Graham was among the scientists making what findings they could as the first Severe Acute Respiratory Syndrome emerged in 2003, followed by the Middle East Respiratory Syndrome in 2012.  These things are going to make the leap into humans every decade, they realized.  The phone rang for real in January, 2020.  Chinese scientists had just posted the genetic sequence of a troubling new coronavirus.  ‘All right,’ colleagues across government, academia, and industry said to one another.  ‘We have some ideas.’

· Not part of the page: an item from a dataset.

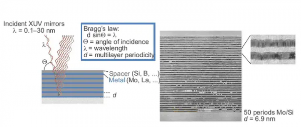 ASML光刻機中的布拉格反射器由蔡司研發,采用硅和鉬作為主要原料,超過40層介質層,每層的厚度只有不到4納米,而鍍膜的精度誤差不超過0.05納米,鍍膜技術由德國弗勞恩霍夫應用光學與精密機械研究所提供。通過精確控制介質的厚度和組合,原本四散射出的極紫外線就可以集合起來,匯聚為一束強的光線用于生產。

According to the Post, the phone rang again in Barney Graham’s house some time last month.  It was the director of the NIH, calling with a heads-up.  ‘News is going to break tomorrow morning.  The numbers are in on Pfizer.’

‘Yeah?’

’90 percent effective.’

In spite of himself, when Graham put down the phone, he let fly a sob so loud that his son and grandchildren ran into the room.  That had to be strange for the kids, aged 13 and 5, to see him cry.  

I can only hope that Dad pulled them close and whispered, ‘Always remember tonight.  This is when Grandpa found out he helped save the world.’